No LinkedIn, você compartilhou que 32 pessoas já conseguiram ser realocadas graças ao seu Compiladão. Vendo esse impacto positivo, seu plano é manter a lista no longo prazo?

Meu plano é continuar com a lista mesmo depois de ser recolocada, porque eu acho que tem um impacto social muito legal. São muitas pessoas desempregadas precisando de ajuda, que não sabem trabalhar bem o currículo, então eu acho que divulgar o perfil no LinkedIn pode ajudar para que um recrutador possa abordar a pessoa diretamente.
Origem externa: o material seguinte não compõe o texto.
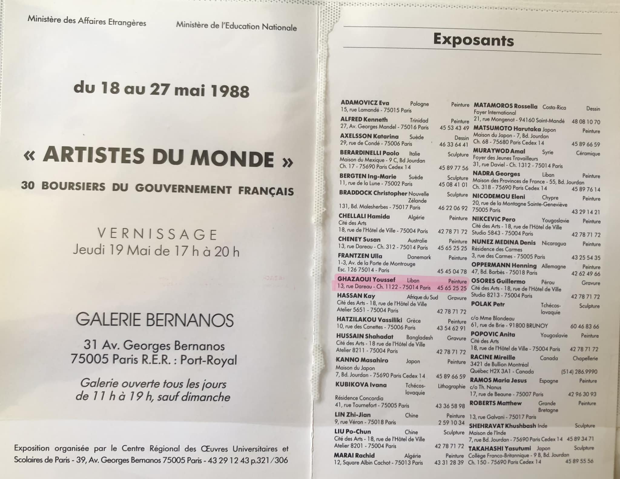 دعوة لمعرض مشترك لفنانين من العالم 1988، ممنوحين من الدولة الفرنسيّة في غاليري برنانوس Bernanos الباريسيّة، برعاية وزارتي الخارجيّة والتربية الفرنسيّتين؛ معرض دوليّ يحمل اتجاهات فنيّة مختلفة وغنيّة بتجاربها، وكان للبنان حضور فيه من خلال أعمالنا..
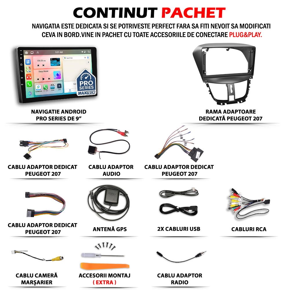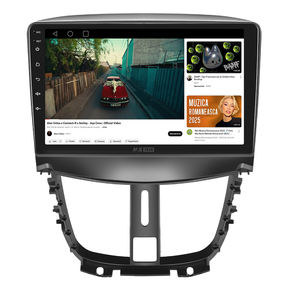 Navigatie Peugeot 207 (2009-2013) dedicata, MaxTech® PRO SERIES, 6 GB Ram 128 GB Rom OctaCore, Carplay & Android auto, Ecran 9” HD Touch, GPS, Wifi, Bluetooth, Radio, USB, EQ, DSP, Waze
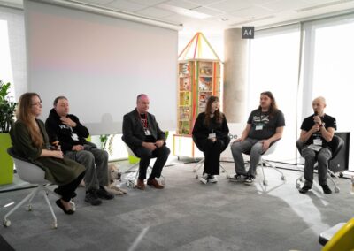 PANEL DYSKUSYJNY – Dostępność gier komputerowych w oczach gracza i twórcy – wspólne cele | Prowadzący: Konrad Gadzina | Uczestnicy: Karolina Kałużyńska, Dorota Orzeszek, Jacek Piotrowski, Magdalena Szewczyk, Piotr Tarasewicz, Tomasz „Lirin” Tworek, Julia Zakrocka
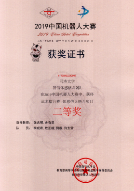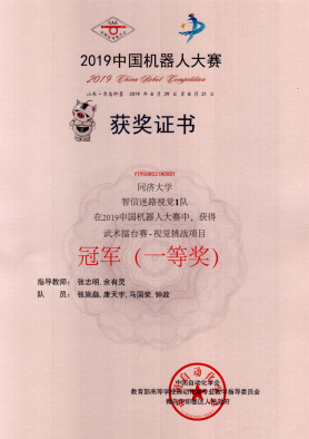 、山东大学、北京理工大学等全国知名高校在内的207所学校,共计1109支队伍参加,参赛人数超过3800人。在校本科生院的支持下,学院选拔同学组成四支队伍参赛,其中:由控制科学与工程系张志明老师和余有灵老师指导,全国大学生智能汽车竞赛实验室选拔同学组成三支队伍,分别参加“武术擂台-视觉挑战”、“武术擂台-体感仿人格斗”、“助老服务-助老环境与安全服务”等项目,经过小组赛、淘汰赛等多轮角逐后,表现出色,获得一项冠军(一等奖)、一项亚军(一等奖)与一项二等奖;由学院实验中心刘润田老师和徐志宇老师指导的一支队伍,参加“医疗机器人-骨科手术机器人”项目,成绩优异,获得一项亚军。
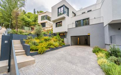 Oportunidad de adquirir una fantastica casa de obra nueva a estrenar ubicada en una zona ideal en la calle Torrent de la font del mont, a escasos metros del Colegio Montserrat, de la parada de FGC, de la carretera de las aguas y del parque natural de Collcerola. Zona residencial muy tranquila rodeada de bosque y a minutos del bullicio de la ciudad. La Casa cuenta con una parcela de 600 metros y tiene una superficie de 232 m2 distribuidos en 3 plantas. En la planta principal hay un gran salón-comedor con grandes ventanales con fantásticas vistas a las zonas verdes y con salida a la terraza; cocina independiente y equipada con salida a la terraza y un aseo de cortesía. Desde esta planta hay acceso a una zona ajardinada con piscina. En la segunda planta se encuentra la zona de noche con tres habitaciones: habitación de matrimonio en suite con armarios empotrados y baño completo; dos habitaciones dobles con salida a la terraza y que comparten un cuarto de baño. En la planta baja encontramos una habitación doble en suite, y la zona de lavado y plancha. En la misma planta tenemos el acceso a un amplio parking para 3-4 coches. La casa dispone de ascensor que llega a todas las plantas de la casa. Tiene instaladas placas solares en el terrado, calefacción y aire acondicionado mediante el sistema de aerotermia. Las ventanas oscilobatientes con doble cámara de aire que asila acústica y térmicamente, suelos de gres porcelánico, riego automático en el jardín, puerta automática para el acceso a la casa con el coche. Inmofinders.com
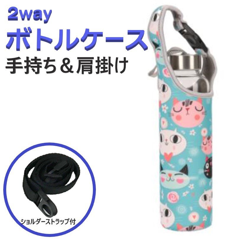 - 水筒カバー ボトルカバー カラーE 肩掛け ネオプレン素材 子供 500ml ペットボトル 600ml 保冷 保温 ストラップ ホルダー ショルダー
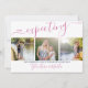 Elegant Script 3 Square Photo Pink Navy Pregnancy Announcement
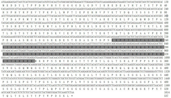 The expression of the PcFoxl2 gene in different tissues of P. clarkii was detected using an RT-PCR method. The results showed that the bands of the PcFoxl2 gene PCR amplification products were only found in the ovary and testis tissues during electrophoresis, with the testis tissue showing the brightest bands and the highest expression level (Figure 1). The expression of PcFoxl2 in ovarian tissue was the second highest, suggesting that PcFoxl2 may be related to the gonadal development of P. clarkii. The genome sequencing results for P. clarkii (NC_059599.1) published by GenBank showed that the total length of the PcFoxl2 gene is 5654 bp. However, according to the sequencing results and bioinformatics analysis of this study, the CDS sequence length of the PcFoxl2 gene is 1614 bp, encoding 537 amino acids. The predicted molecular weight of the protein was 58.8 kDa, and the theoretical isoelectric point was 6.72. The K228-R328 region was a forkhead (FH) domain unique to the Foxl2 gene family (Figure 2).
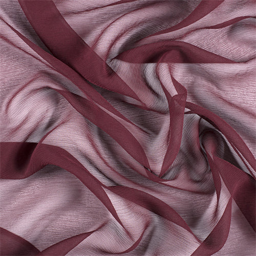 Solid Wine Crinkled Silk Chiffon Fabric from our Runway Silk Collection

Não pretendo lançar uma plataforma de recrutamento, nem nada disso. Eu não ganho nada com o Compilação e não pretendo ganhar um dia. O máximo que eu acho que eu alcançar é fazer um post patrocinado aqui e ali. Mas eu já aviso as empresas que eu faço conteúdo sem vinculação com o Compiladão.

Você fez um post no LinkedIn reclamando que algumas empresas estão tentando se aproveitar do Compilação para se promover. Pode explicar essas abordagens que você recebe e por que são problemáticas?

Normalmente são pessoas que estão lançando plataformas de recrutamento novas que vem me abordar. Já houve casos que vieram me pedir para divulgar de graça a plataforma de recrutamento, e eu não vou fazer isso porque eu estou gerando lead de graça para alguém que vai lucrar em cima disso.

Teve pessoas também fazendo post de divulgação da própria plataforma e mencionando o meu nome para ganhar alcance no post. Nesses casos, eu retiro a menção, denuncio com spam e bloqueio a pessoa.

Como está o seu processo de realocação no mercado de trabalho desde a criação do Compilação?

Eu tenho feito muitas entrevistas. Chegar até elas não tem sido um problema. Eu percebo que depois que o Compiladão tomou toda essa proporção, eu fiquei mais conhecida e algumas empresas vieram me procurar até para participar de processos seletivos. 

O problema é que quando chega no final do processo, eu acabo não recebendo uma proposta. Minha hipótese é de que chega um profissional mais barato que as empresas preferem contratar para economizar. Eu sinto que agora está no momento das empresas “canibalizarem” os salários, já que tem muita gente no mercado procurando emprego.

Como meu seguro-desemprego vai até setembro e tenho uma reserva financeira, eu tenho tempo para procurar um emprego “ideal”, com mais calma. Em algum momento, eu acredito que a poeira vai baixar e as empresas vão voltar a contratar sem canibalizar o salário. Até porque eu trabalho com tecnologia, que é uma área cuja demanda tende a continuar crescendo em todo mundo. 

Se você reparar, o maior número de pessoas no Compiladão são das áreas de produto, de marketing, de desenvolvimento e design. Essas pessoas normalmente estão atreladas às áreas de inovação e de novos projetos nas empresas. Num cenário de encolhimento da economia, inovação é a primeira parte que as empresas cortam e para priorizar as áreas básicas. Então acredito que com a poeira baixando, as empresas vão voltar a investir em inovação.